What we are building is optimize the experience when you do info search. Such
as we want to help you find: how another bike racers who had heart surgery
make their decisions.

------
dragonwriter
> why do so many patients (and their families) do their own research online
> [accordingly to Google, 70% of us do], even after the doctors tell them
> their best suggestion?

Lots of reasons.

Some because they are socialized into trusting other -- often very unreliable
-- information sources, but you still can't get the actual treatments except
from a doctor. So they still go to doctors -- and try to get from them what
other sources have told them they need -- but don't actually particularly
trust the doctors.

Some do it because they recognize that doctors are fallible, _and_ have less
at stake in any decision than the patient -- some of these people also have
the skills and knowledge to be reasonably informed readers of things like
medical reference and research literature (even if they aren't practitioners)
and are active participants with their doctor in their own healthcare.

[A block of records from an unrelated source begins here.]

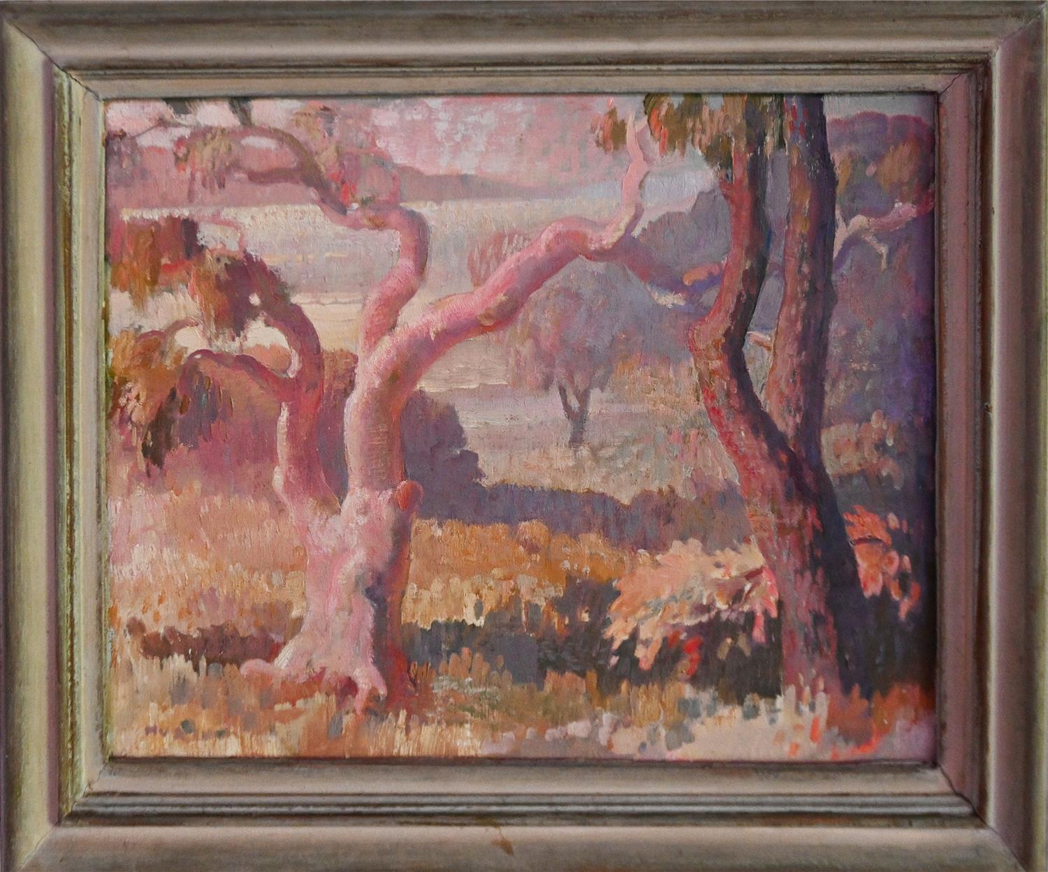 ARTHUR MURCH, FIRE HAZE, PITTWATER, OIL ON BOARD, SIGNED LOWER LEFT, TITLED VERSO, 37 X 47.5CM, FRAME SIZE: 48 X 59CM
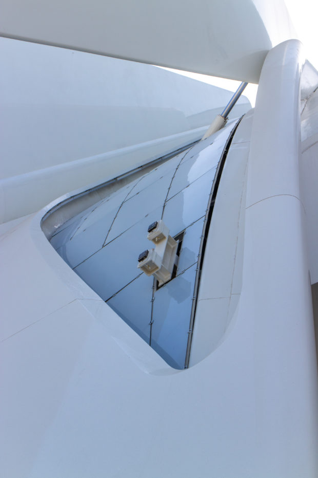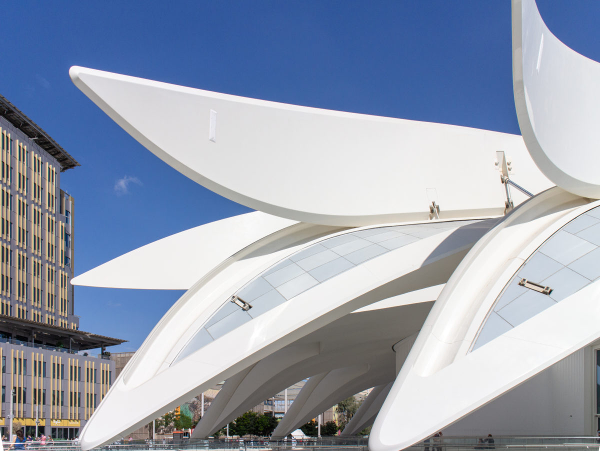 4階建ての建物の上部には、28枚の可動式カーボンファイバー製「ウィング」があり、屋根のソーラーパネルを保護するために閉じたり、統合された太陽光発電パネルを通してエネルギーを集めるために伸びたりする。 この翼を開くと、飛び立つハヤブサの翼を連想させる。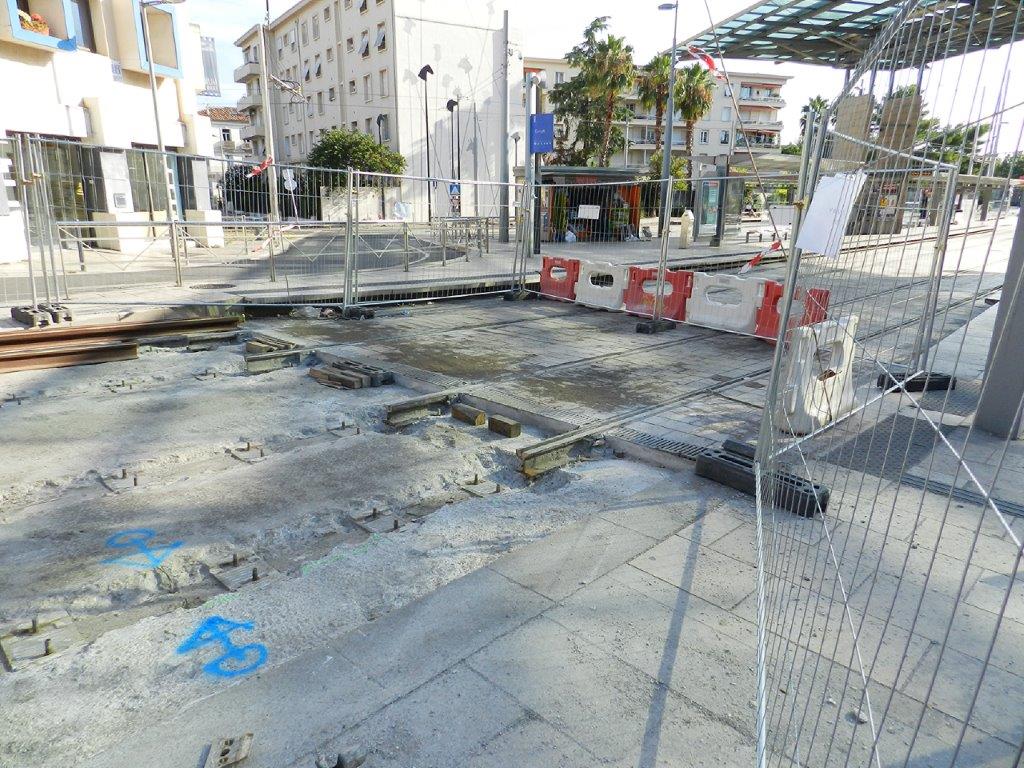 Rue du Faubourg-de-Nîmes à Montpellier, aperçu de la limite entre les rails à gorge conservés côté station « Corum », quais communs aux lignes 1 et 4 de tramway, et les nouveaux rails à gorge à poser dans la rampe. Photo prise le dimanche 2 août 2020. Copyright : Anje34
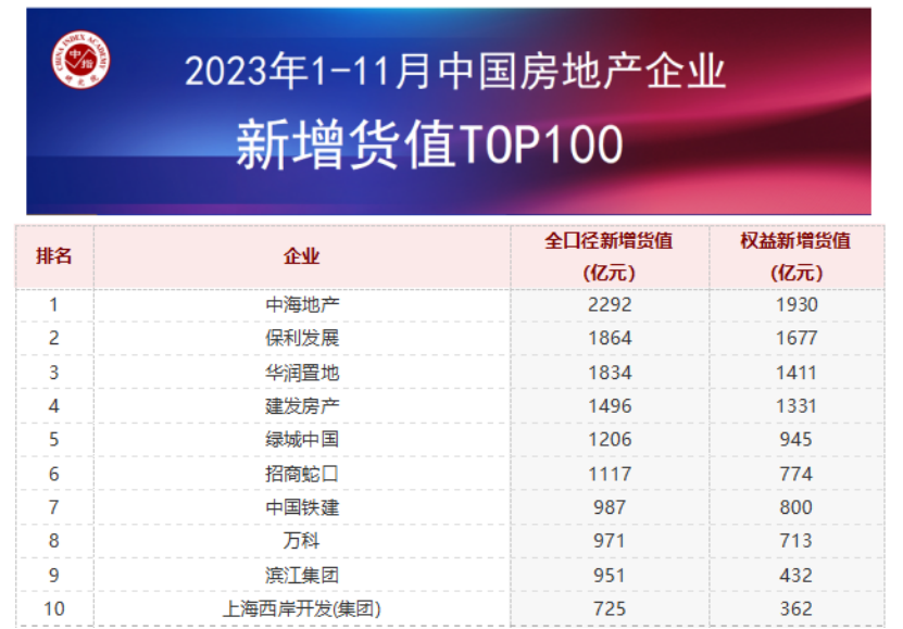 根據(jù)中指研究院數(shù)據(jù)顯示,中海地產(chǎn)、保利發(fā)展、華潤置地占據(jù)新增貨值榜單前三位。2023年1-11月,中海地產(chǎn)以累計(jì)新增貨值2292億元占據(jù)榜單第一;保利發(fā)展、華潤置地緊隨其后,累計(jì)新增貨值規(guī)模分別為1864億元和1834億元。TOP10企業(yè)2023年1-11月新增貨值總額13442億元,占TOP100企業(yè)的41.7%;TOP100企業(yè)新增貨值門檻為121億元。

Some people just want to _understand_ the meaning of the medical jargon
they've gotten from their doctor.

There's probably a lot more reason for doing independent research even after
getting information from a doctor.

------
sjs382
Lots of reasons.

Because online research might prompt first-aid, before visiting a doctor.

Because we like to prepare ourselves before receiving (possibly terrible) news
from experts, to soften the blow.

Because we tend to reach for our smartphones in stressful situations.

Because doctors are fallible.

------
Nadya
Doctors are not infallible.

I often look for alternative answers online and get a second and even _third_
opinion from other doctors.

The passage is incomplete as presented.